Blood biochemical changes in mice after administration of a mixture of three anesthetic agents

Yuichiro OCHIAI 1,2, Hidetomo IWANO 2,*, Takako SAKAMOTO 1, Manabu HIRABAYASHI 1, Eiji KANEKO 1, Toshihiko WATANABE 3, Kazuto YAMASHITA 4, Hiroshi YOKOTA 2
PMCID: PMC4937154  PMID: 26902544

Abstract

Currently, from the viewpoint of animal welfare, anesthesia or analgesia is required during experimental procedures in animals that are likely to cause pain. A part of these anesthetics have been reported to influence a blood biochemical level. It is important for us to understand the effect of the anesthetic on blood biochemistry when we choose the anesthetic agent to be used in experiments. In this study, we examined the blood biochemical changes in mice after administration of a new mixture of three anesthetic agents −medetomidine / midazolam / butorphanol (MMB). We subcutaneously administered two dose combinations of MMB (0.45 / 6 / 7.5 and 0.9 / 12 / 15 mg/kg) in mice, followed by administration of atipamezole, for reversal of anesthetic effects, after 1 hr. Thereafter, blood biochemistry was assessed at 1, 4 and 24 hr after MMB administration. We observed that MMB administration caused a transient increase in blood sugar, inorganic phosphorus, potassium and creatine kinase levels. These, however, returned to the reference range 24 hr after MMB administration. In conclusion, MMB changes the levels of some blood biochemical parameters, but not to an extent that would threaten health. However, when using laboratory animals, this effect of MMB may influence the experimental results, depending on the experimental content. Hence, the choice of anesthetic agents used in laboratory animals should be based on detailed knowledge of their pharmacological effects.

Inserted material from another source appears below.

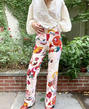 Slim waist flared silhouette, high-rise contrasting banded waist. Unlined 100% cotton velvet floral printed zip and hook fastening. Dry clean Made in Jaipur

Keywords: anesthesia, atipamezole, butorphanol, medetomidine, midazolam

Prevention of pain and distress is essential when experimental animals are used for biomedical research. This can be achieved by the use of appropriate anesthetics and analgesics [26]. Most general anesthesia methods consist of a combination of injection and inhalational anesthetics. In the case of laboratory mice, the intraperitoneal (i.p.) or subcutaneous (s.c.) administration route is usually chosen [1, 4, 34]. Although injection anesthesia, using either a single agent or a drug combination, can be used, control of the depth of anesthesia by intravenous drug administration is difficult. Because the duration and depth of anesthesia are affected by the characteristics of the mouse (strain, age, gender, individual variation, etc.) and the surrounding conditions (temperature, kind of surgery, etc.). So, it is difficult to decide the dose of matching all mice [8, 14, 21, 22, 39]. Therefore, despite prior dosage testing, maintenance of anesthesia by injection anesthetics often remains difficult. In addition, there are individual differences in anesthetic effect, which can lead to overdosage in some animals [1, 4, 38].

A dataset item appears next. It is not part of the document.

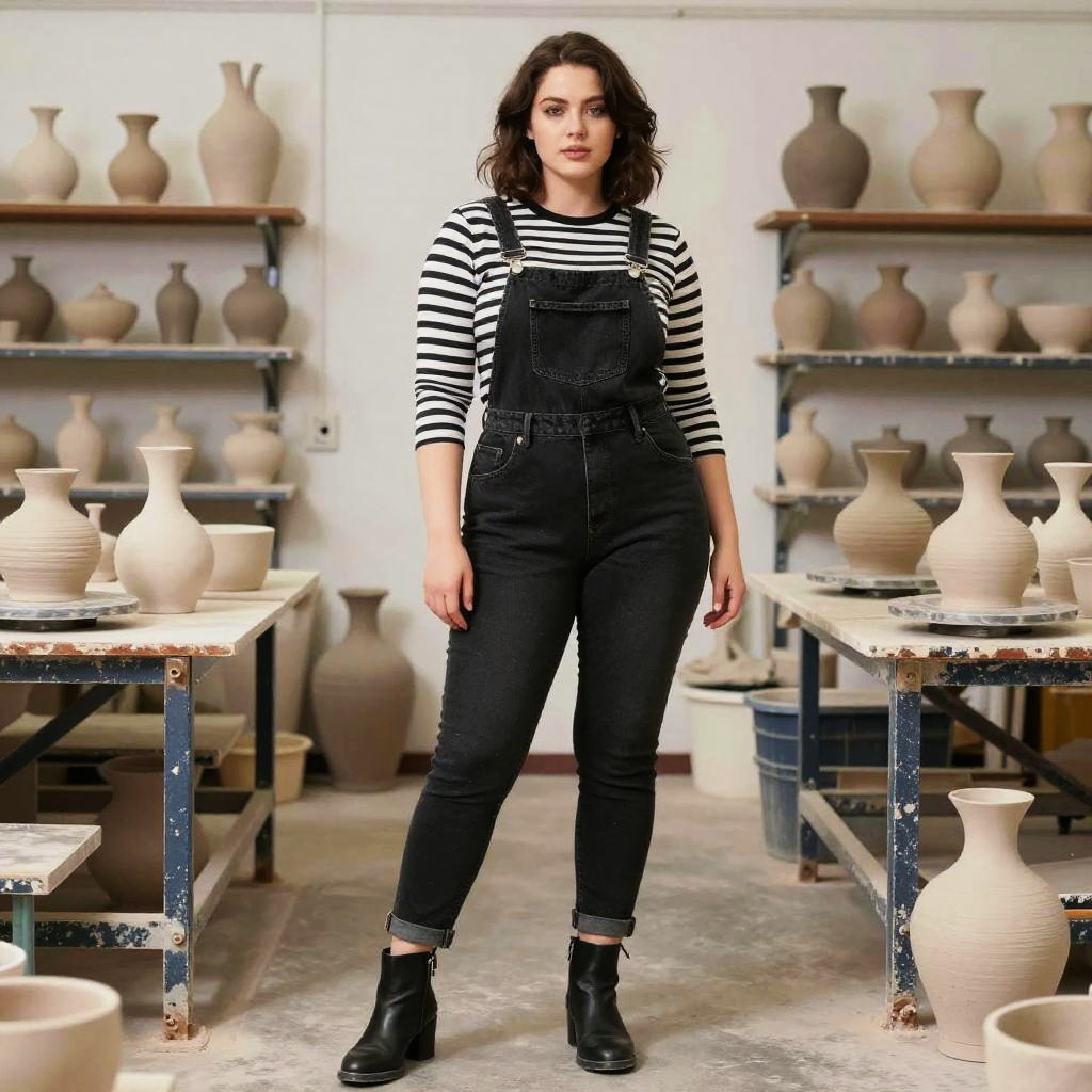 A Curvy woman, in a shogakukan style, wearing a black denim overall with a fitted silhouette and a classic striped long-sleeve T-shirt, paired with black ankle boots, standing in a Pottery studio surrounded by clay sculptures. Sexy. Pretty face and beutiful eyes

In laboratory animals, pentobarbital sodium or mixed anesthesia with ketamine (K)/ xylazine (X) has been widely used until recently. However, ketamine was labeled as a narcotic according to a revised law in 2007. Hence, its use became highly regulated, making it necessary to employ qualified persons, such as a narcotics researcher and the facility’s drug application specialist when using ketamine. In addition, pentobarbital sodium is likely to cause a decrease in blood pressure or inhibition / cessation of respiration at the depth of anesthesia that is required for surgery, which can be fatal. Furthermore, the analgesic effect of pentobarbital used as a single agent is reportedly weak [12, 25, 32]. Besides this, due to their metabolism in the liver, injection anesthetics are known to cause changes in blood levels of metabolic enzymes released by the liver [35].

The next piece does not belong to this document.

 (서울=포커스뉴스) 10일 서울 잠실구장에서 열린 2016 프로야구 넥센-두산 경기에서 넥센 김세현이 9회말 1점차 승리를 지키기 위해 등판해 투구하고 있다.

The most common volatile anesthetic used in laboratory rodents is isoflurane [26], which is supplied through to the respiratory tract of the animal by a dedicated vaporizer via a carrier gas. These volatile anesthetics allow rapid anesthesia induction and washout, which facilitates regulation of the concentration of the anesthetic in each individual animal. Monitoring of the vital signs of the animal, as indicative of the depth of anesthesia, allows regulation of the concentration of volatile anesthetics and minimizes the risk of death. Volatile anesthetic devices for use in laboratory rodents have already been developed and are available for use [26, 33]. In addition, recent anesthesia devices come with built-in exhaust gas collection devices [10, 11, 15], thus protecting users from inhalation of the exhaust gas [20, 29,30,31]. However, the use of these devices is limited by the number of animals used in the experiment, because of the number of possession device. Therefore, large-scale animal experiments using isoflurane anesthesia may be difficult, due to number of devices that would be required and the laboratory space required to store them. Further, a transient increase in blood sugar levels with isoflurane use has been reported [7, 11, 40, 41].

Hence, a new injection anesthesia method, which is not limited by the number of possession devices, not strictly regulated and can adequately control the depth of anesthesia, is strongly needed. It is also important for us to understand the effect of the anesthetic on blood biochemistry when we choose the anesthetic agent to be used in experiments. In this study, we examined the blood biochemical changes in mice after administration of a combination of three anesthetics, medetomidine / midazolam / butorphanol (MMB), which recently attracted attention for injection anesthesia of laboratory animals [13, 17, 19]. Changes in blood biochemistry following MMB administration were compared with those following isoflurane and other injection anesthetic administration (Pentobarbital sodium and K / X).

MATERIALS AND METHODS

Animals and housing conditions: We used male C57BL/6J mice at 8 weeks of age from CLEA Japan, Inc. (Tokyo, Japan). Animals were acclimated for at least 7 days before experimental use. The animals were housed in stable groups of 3 or 4 each, in polycarbonate cages with autoclaved bedding (Aspen Chips, TAPVEI Ltd., Kortteinen, Finland). Each cage had tap water in a polycarbonate bottle, and the mice were supplied with sterilized food (CLEA Japan, Inc.). The ambient temperature was controlled by a central temperature management system and was maintained from 20 to 26°C. Humidity was maintained between 30 and 70%. Mice were maintained at a 12:12-hr light: dark cycle (light on from 7 a.m. to 7 p.m.). All of the animal procedures were conducted in accordance with the approved guidelines of VET-300 (2014), VET-700 (2014) and CAR-100 (2014) of the Institutional Animal Care and Use Committee at Chugai Pharmaceutical Co., Ltd.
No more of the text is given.